Print only the lines below, from the very first to the one containing "Werner Herzog answers", exactly as they stand. Do not print pictures.

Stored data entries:
=== Section Start ===
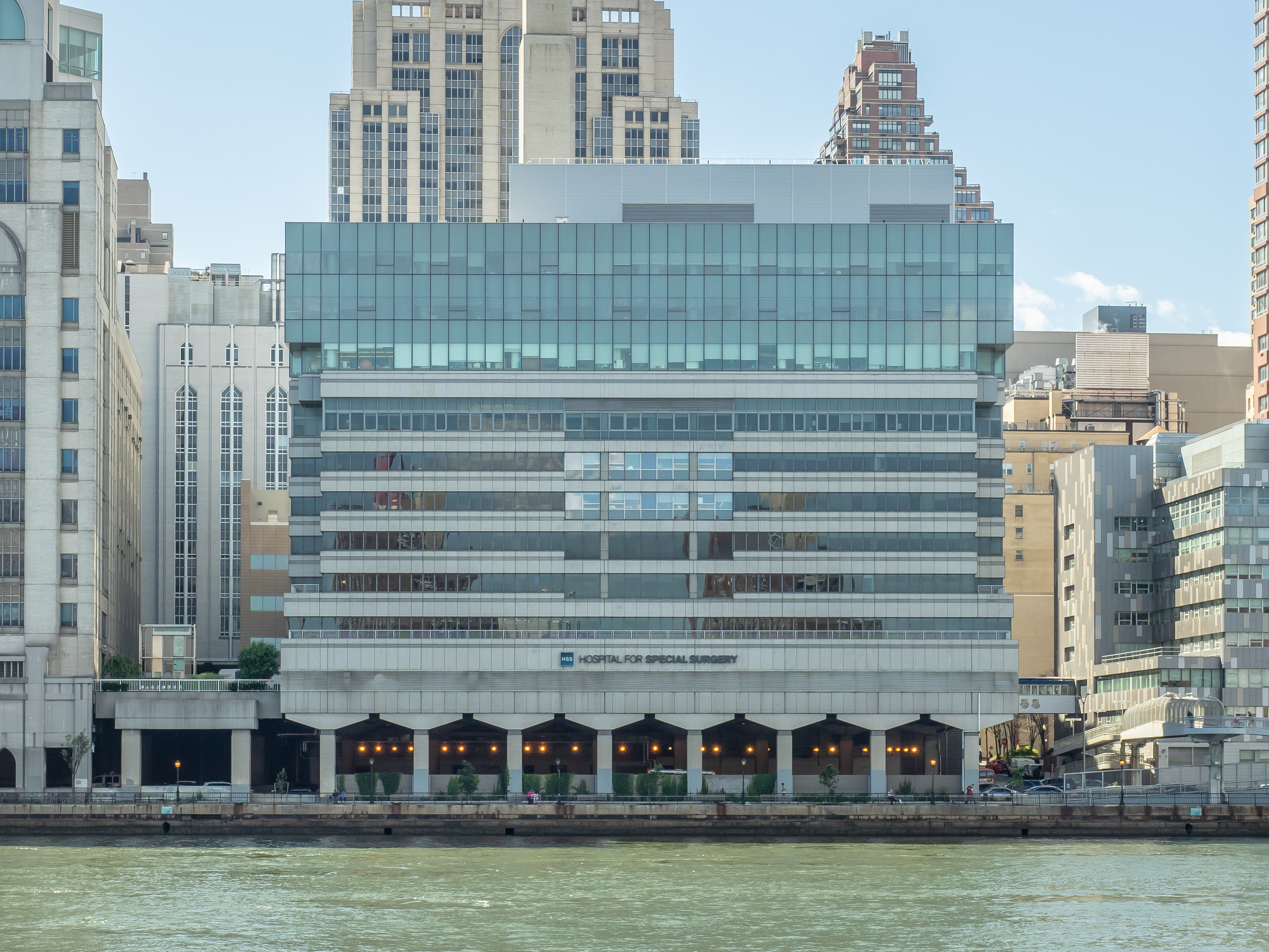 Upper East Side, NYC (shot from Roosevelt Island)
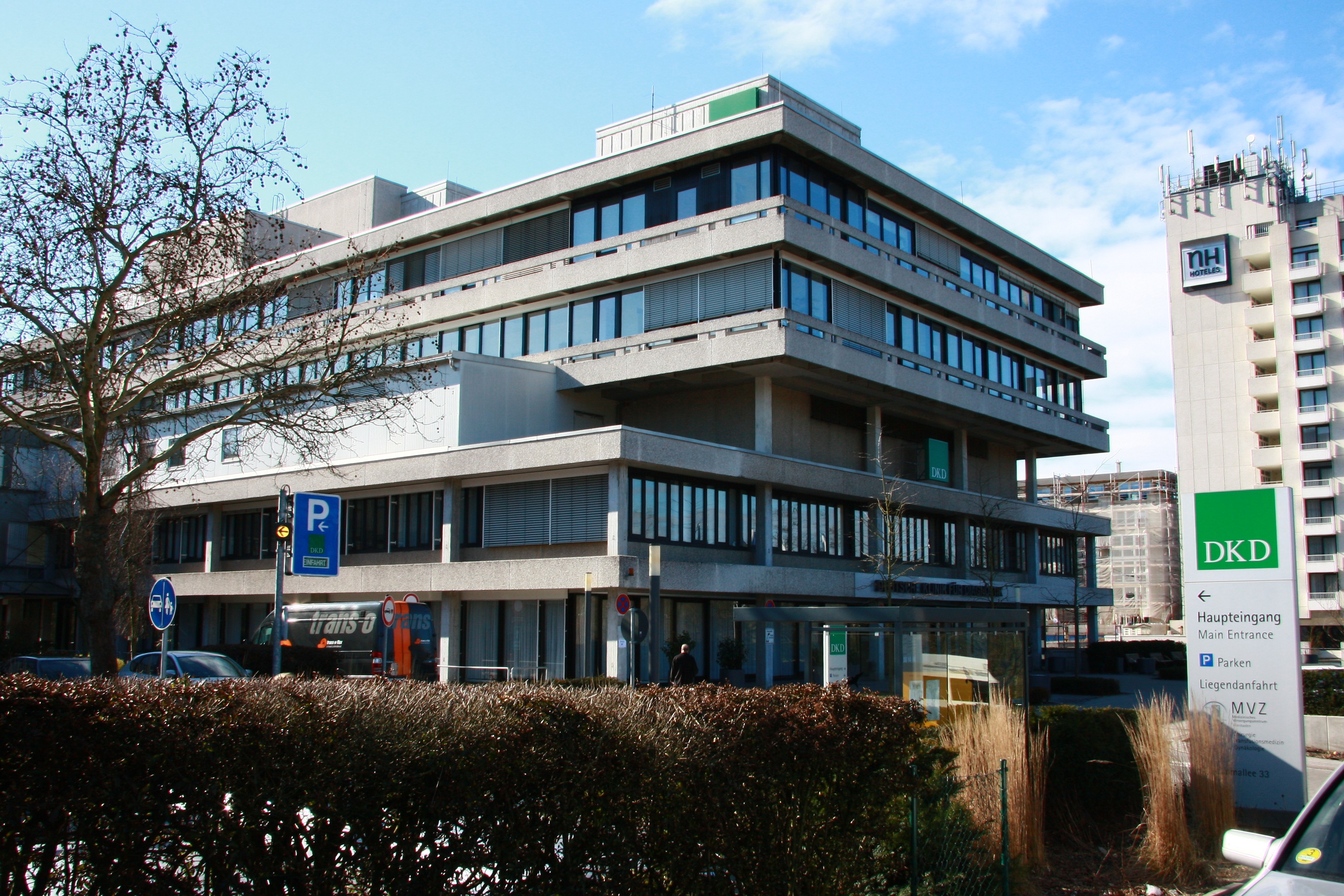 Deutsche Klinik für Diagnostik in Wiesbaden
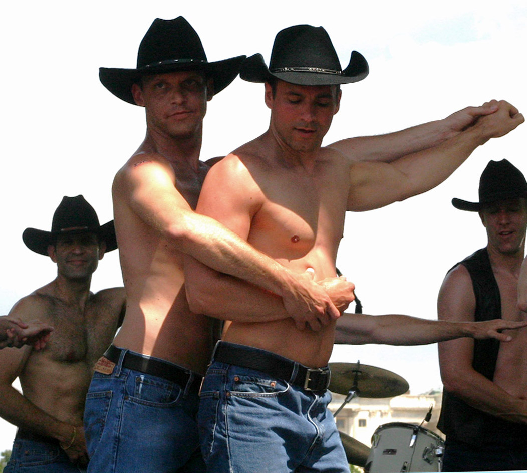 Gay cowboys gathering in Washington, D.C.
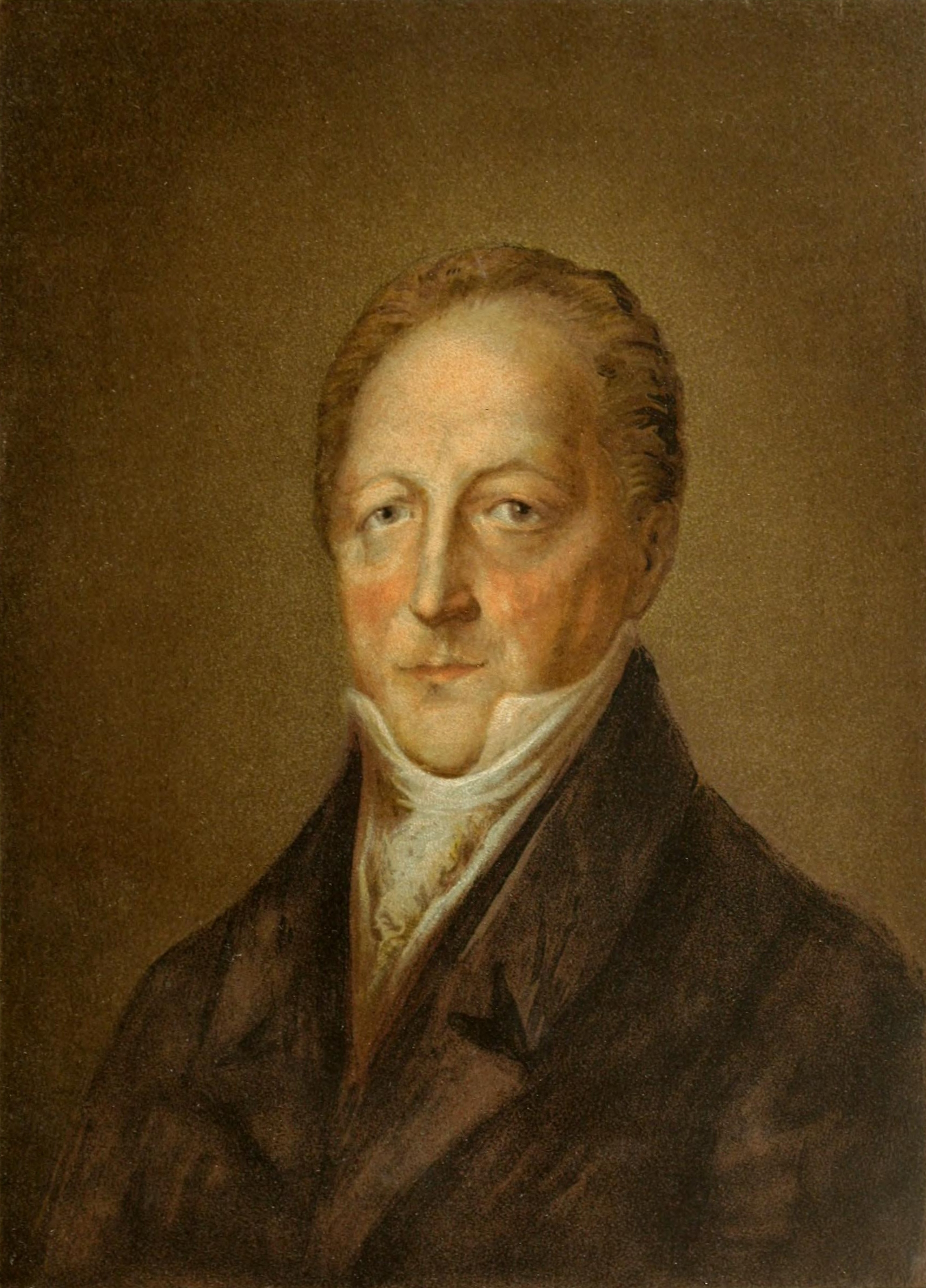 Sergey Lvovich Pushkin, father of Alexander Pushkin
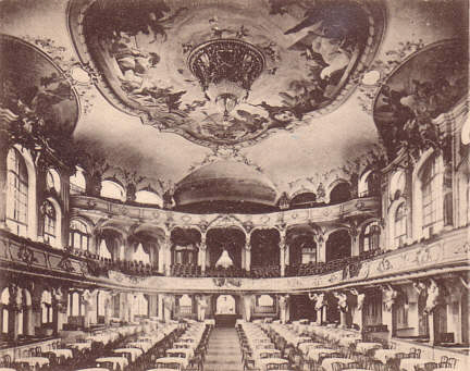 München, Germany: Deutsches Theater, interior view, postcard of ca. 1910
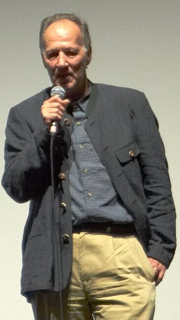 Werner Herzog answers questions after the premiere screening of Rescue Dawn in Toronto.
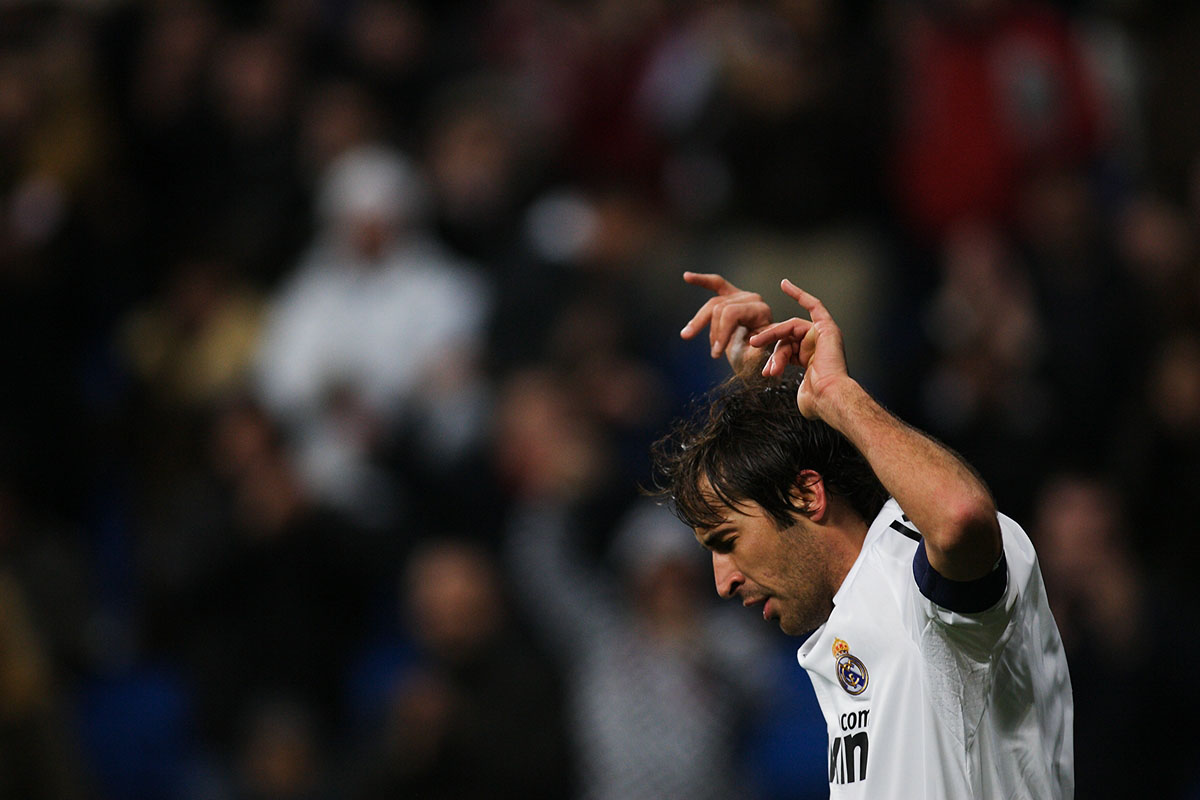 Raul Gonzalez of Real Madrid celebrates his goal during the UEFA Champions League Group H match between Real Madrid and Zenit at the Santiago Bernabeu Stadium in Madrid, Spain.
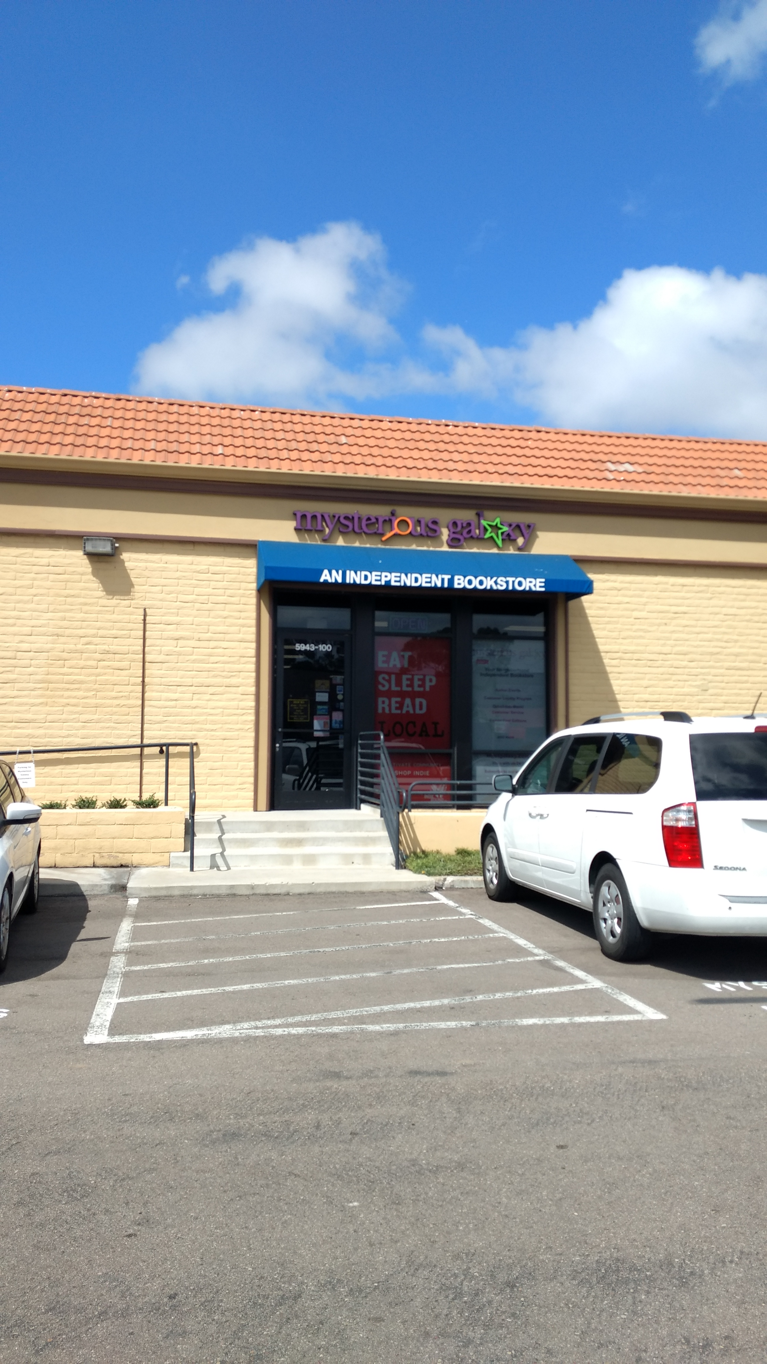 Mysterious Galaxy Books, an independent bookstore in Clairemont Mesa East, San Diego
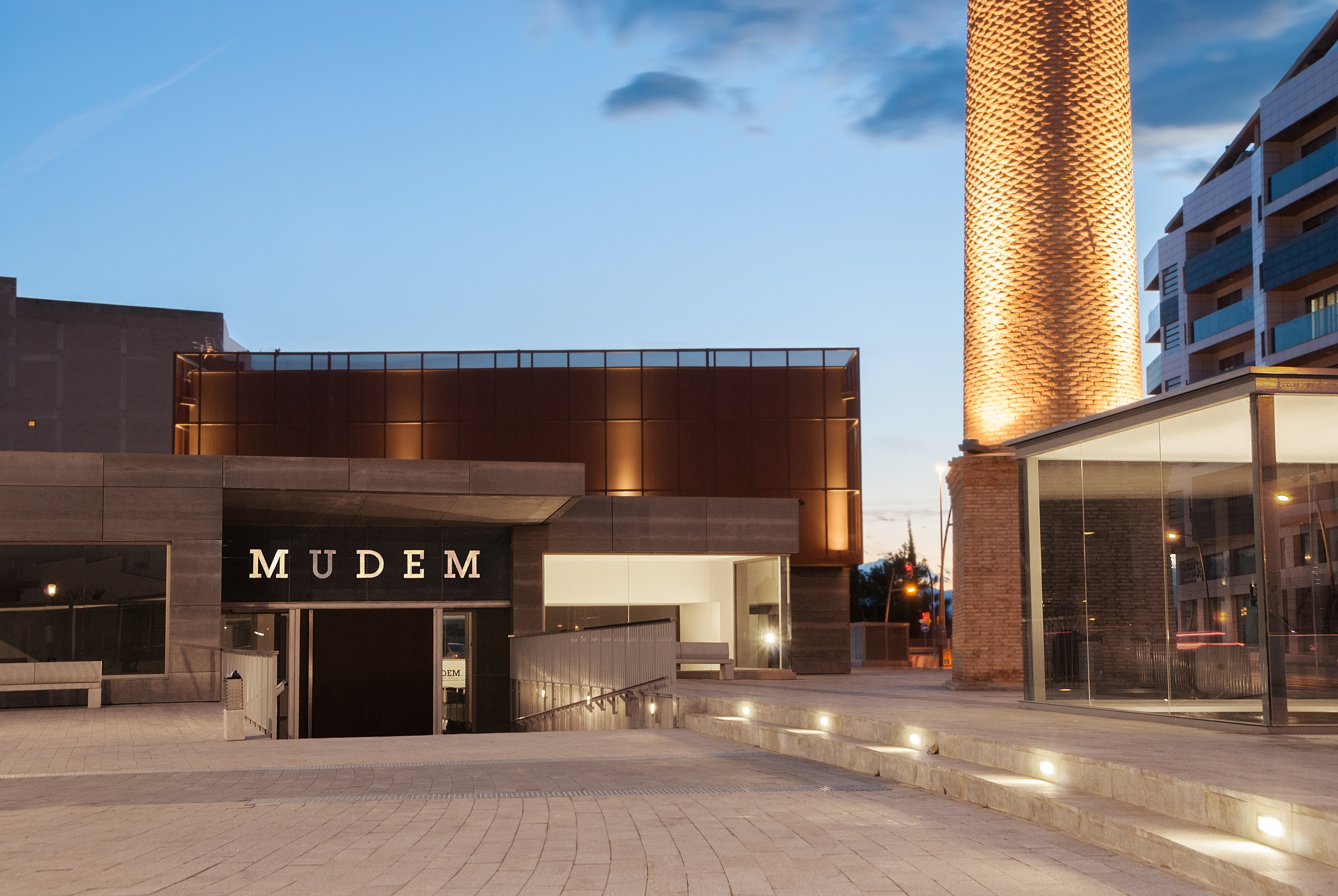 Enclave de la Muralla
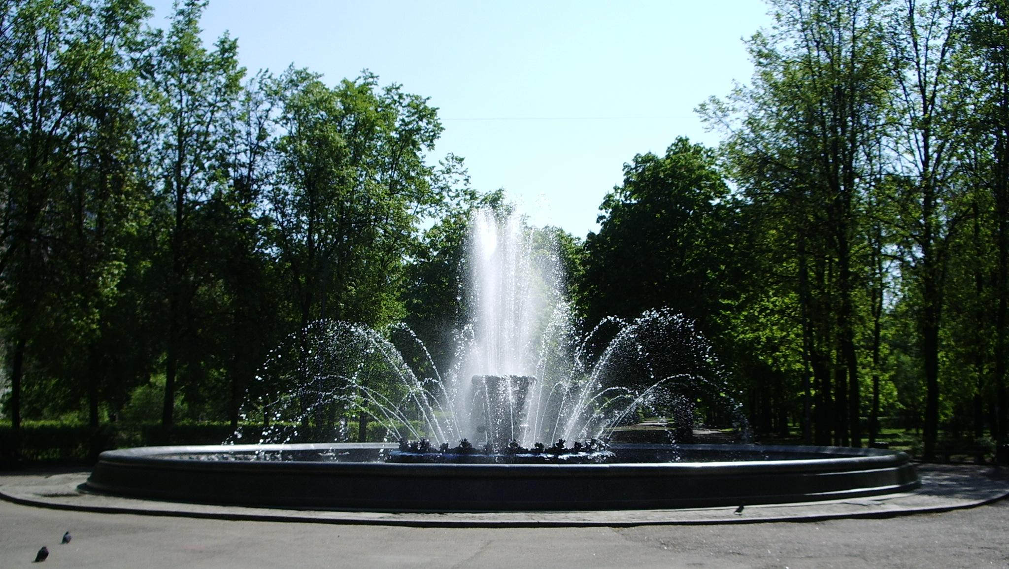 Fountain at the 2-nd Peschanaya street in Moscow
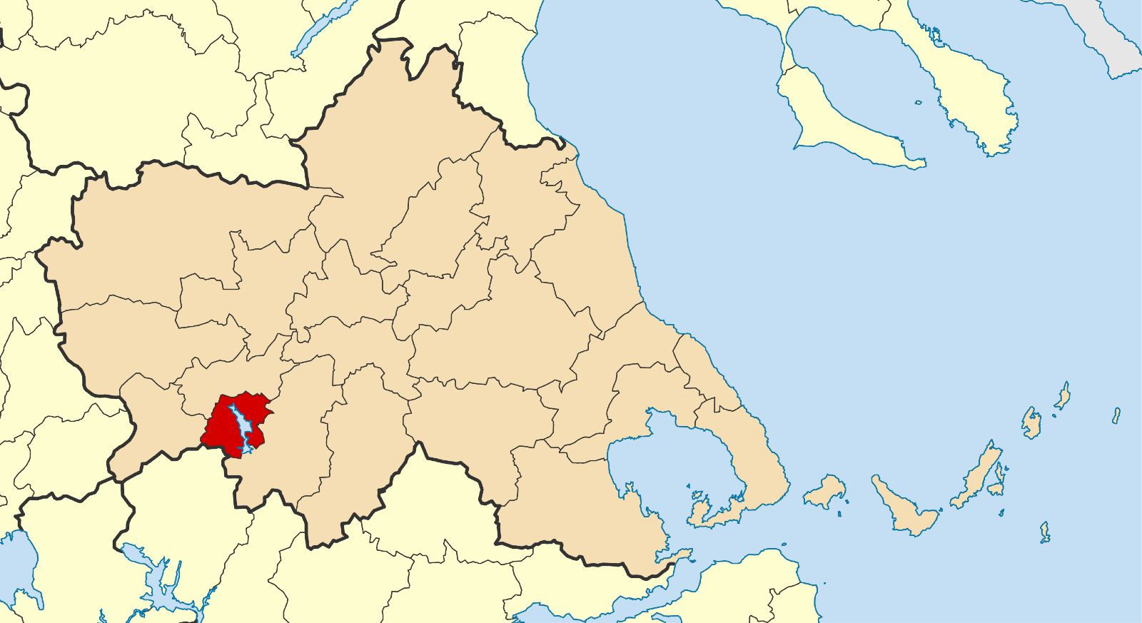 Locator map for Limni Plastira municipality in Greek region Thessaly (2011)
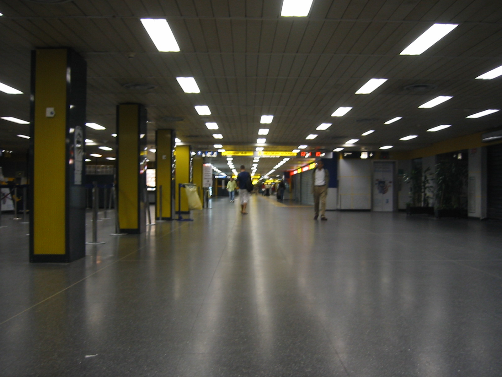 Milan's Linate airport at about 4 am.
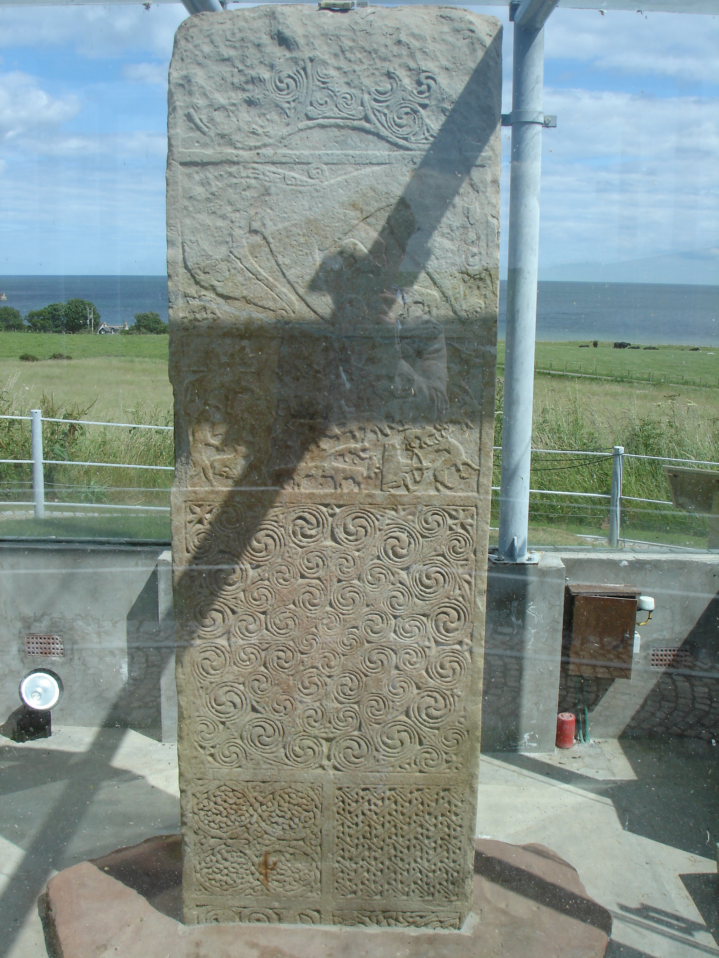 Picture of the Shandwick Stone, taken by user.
=== Section End ===
▸ Output
 Upper East Side, NYC (shot from Roosevelt Island)
 Deutsche Klinik für Diagnostik in Wiesbaden
 Gay cowboys gathering in Washington, D.C.
 Sergey Lvovich Pushkin, father of Alexander Pushkin
 München, Germany: Deutsches Theater, interior view, postcard of ca. 1910
 Werner Herzog answers questions after the premiere screening of Rescue Dawn in Toronto.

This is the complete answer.